Retype each line of the material exactly, please, skipping any picture in it.

-- GIVEN RECORDS --
○ ○ ○ ○

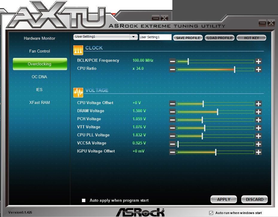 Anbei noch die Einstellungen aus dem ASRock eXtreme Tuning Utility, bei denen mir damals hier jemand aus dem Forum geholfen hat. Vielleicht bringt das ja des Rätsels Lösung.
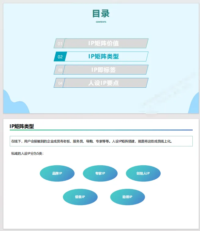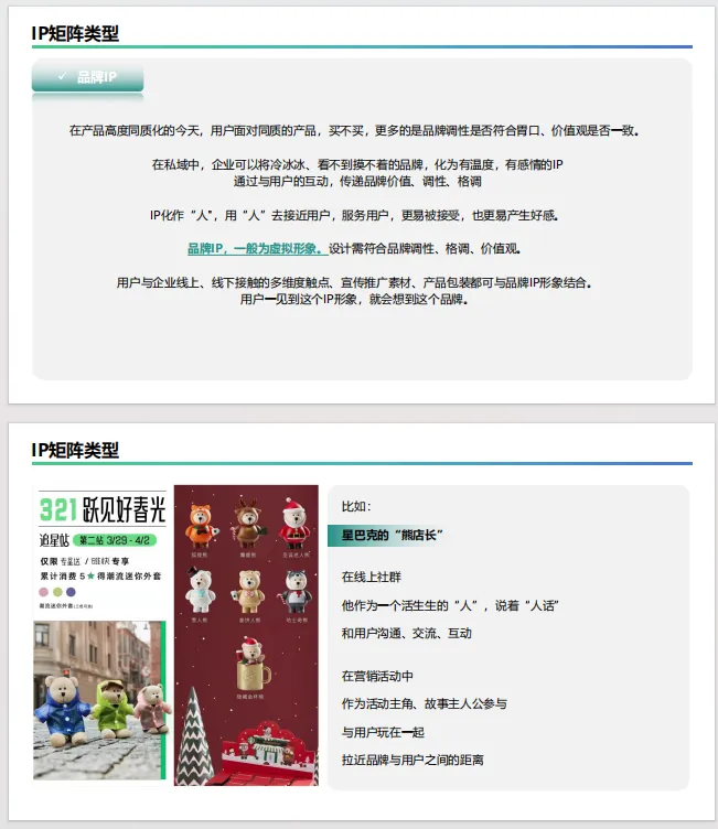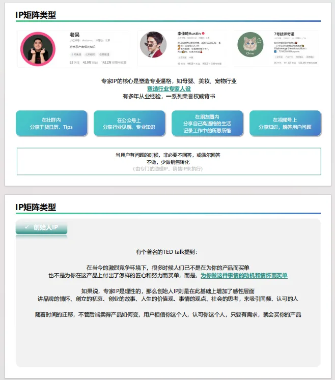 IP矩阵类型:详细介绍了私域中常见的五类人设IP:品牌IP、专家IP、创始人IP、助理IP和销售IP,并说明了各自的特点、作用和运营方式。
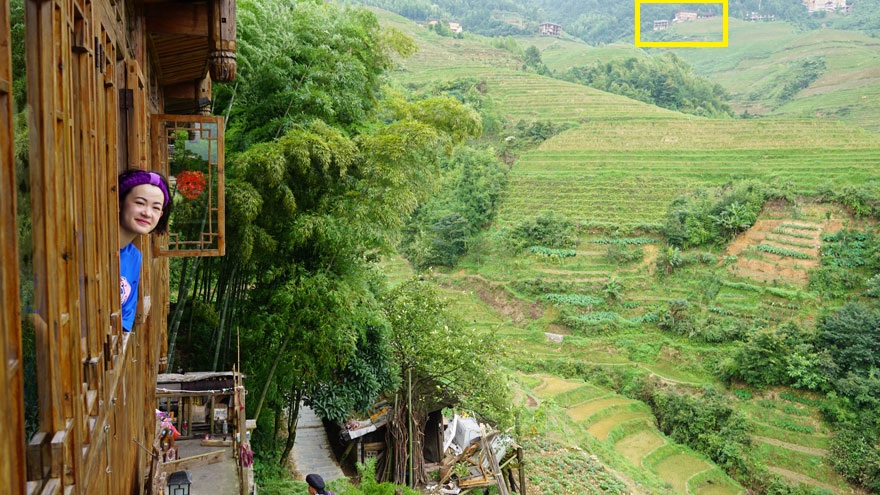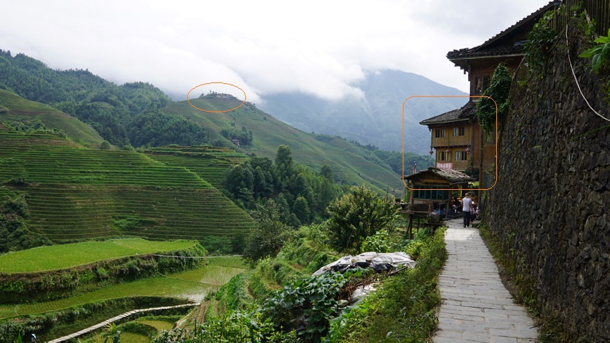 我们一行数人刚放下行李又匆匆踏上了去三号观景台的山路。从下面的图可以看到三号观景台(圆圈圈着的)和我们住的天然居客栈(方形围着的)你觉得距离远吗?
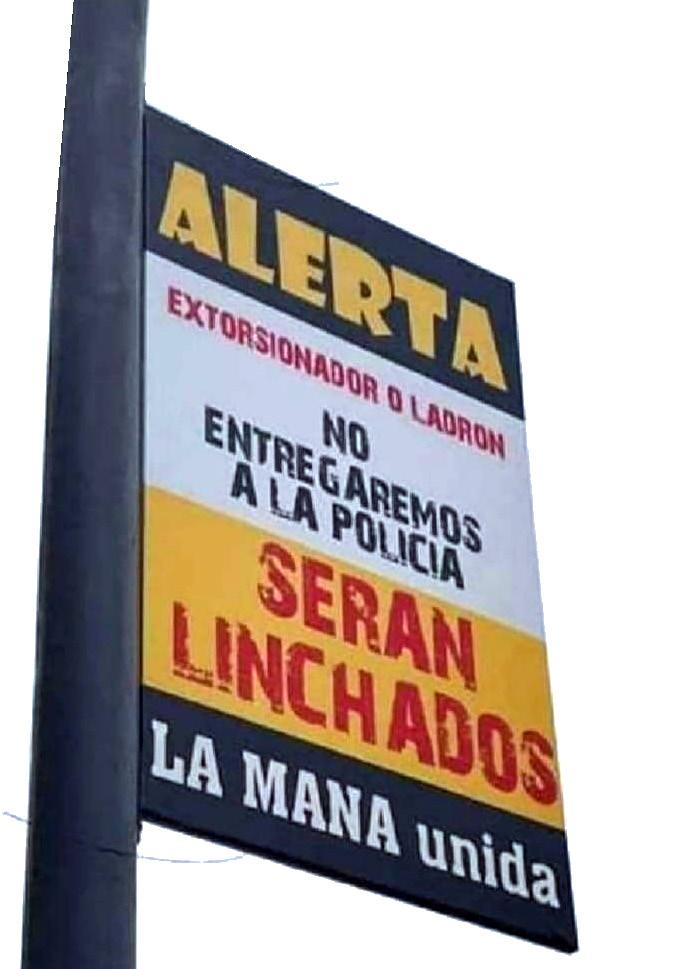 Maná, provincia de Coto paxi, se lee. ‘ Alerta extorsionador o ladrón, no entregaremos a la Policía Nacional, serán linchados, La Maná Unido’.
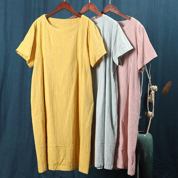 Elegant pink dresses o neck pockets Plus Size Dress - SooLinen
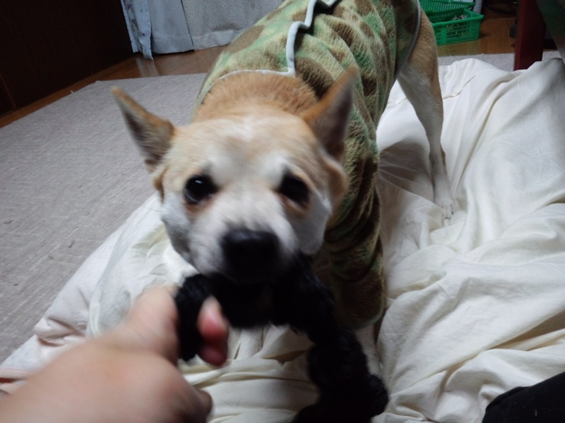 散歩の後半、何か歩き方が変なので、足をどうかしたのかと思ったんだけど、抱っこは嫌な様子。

○ ○ ○ ○

-- SOLUTION TO THE EXERCISE --
 Anbei noch die Einstellungen aus dem ASRock eXtreme Tuning Utility, bei denen mir damals hier jemand aus dem Forum geholfen hat. Vielleicht bringt das ja des Rätsels Lösung.
 IP矩阵类型:详细介绍了私域中常见的五类人设IP:品牌IP、专家IP、创始人IP、助理IP和销售IP,并说明了各自的特点、作用和运营方式。
 我们一行数人刚放下行李又匆匆踏上了去三号观景台的山路。从下面的图可以看到三号观景台(圆圈圈着的)和我们住的天然居客栈(方形围着的)你觉得距离远吗?
 Maná, provincia de Coto paxi, se lee. ‘ Alerta extorsionador o ladrón, no entregaremos a la Policía Nacional, serán linchados, La Maná Unido’.
 Elegant pink dresses o neck pockets Plus Size Dress - SooLinen
 散歩の後半、何か歩き方が変なので、足をどうかしたのかと思ったんだけど、抱っこは嫌な様子。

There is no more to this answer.